だが、ジャンパーソンから抜け出した麗々虫はガンギブソンに取り憑いた。

一方、基地で暴れまくる麗々虫はボヤに巻き込まれて死んだ。そう、弱点は高熱だったのだ。

それを知ったガンギブソンは自らに火炎放射器・アークファイアーを放射しろと、ジャンパーソンに叫んだ!!

つまり、今回のタイトル「正義の為に死す」とは、ガンギブソンの決意を表していると思われる。そして、ガンギブソンは自らの手で破壊したロボット達に償いをするのだった。

 

今回でやっとジャンパーソンの相棒となるガンギブソン。無鉄砲かつ、すぐに物事を決めてかかるのでヒヤヒヤさせられる場面が多々見られるが、やはりそれでも心強い相棒である。ジャンパーソンも心強い相棒が出来たためか、性格が一段と明るくなったように見える。

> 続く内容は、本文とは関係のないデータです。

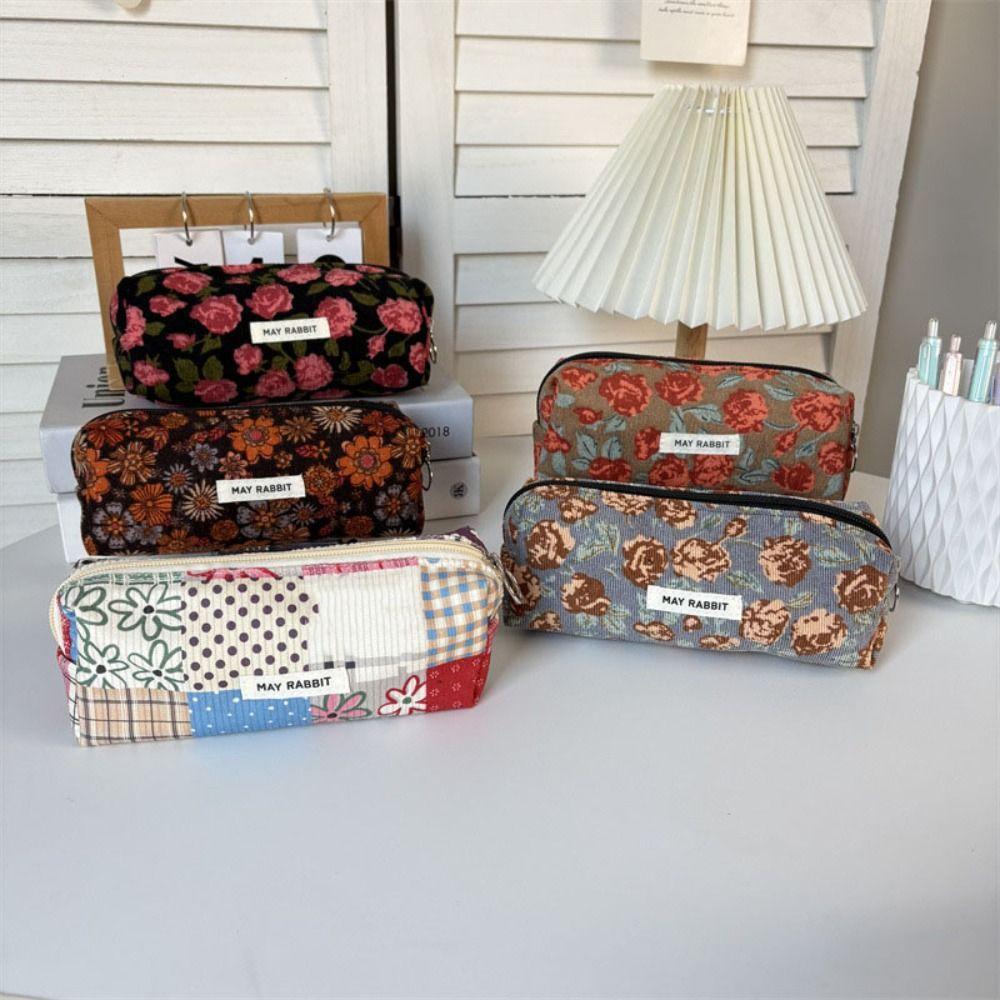 Floral Print Stationery Bag Corduroy Pencil Case Gifts Cosmetics Storage Bags Student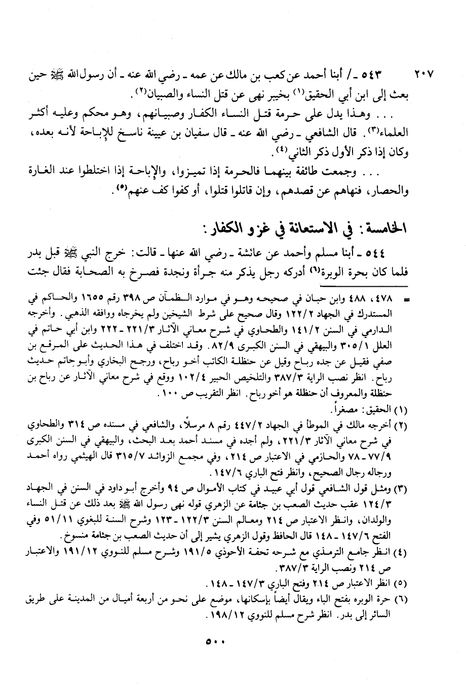 543 - أبنا أحمد عن كعب بن مالك عن عمه- رضي الله عنه- أن رسول الله - صلى الله عليه وسلم - حين بعث إلى ابن أبي الحقيق (¬1) بخيبر نهى عن قتل النساء والصبيان (¬2).

今回の物語の軸はガンギブソンの打倒ネオギルドでありながら、登場する敵はSS-Nで、またそのSS-Nがネオギルド、帯刀コンツェルンに対して対抗意識を持っていることが描かれる。この番組には悪の3組織も存在しているということを改めて再確認させられる。

ネオギルドと直接の因縁を持つガンギブソンの登場に伴い、ネオギルドとの戦いはキャロルの仇という形にシフトしていく。

ちょうど中盤を迎えた「特捜ロボ ジャンパーソン」は一段と盛り上がっていくのだった。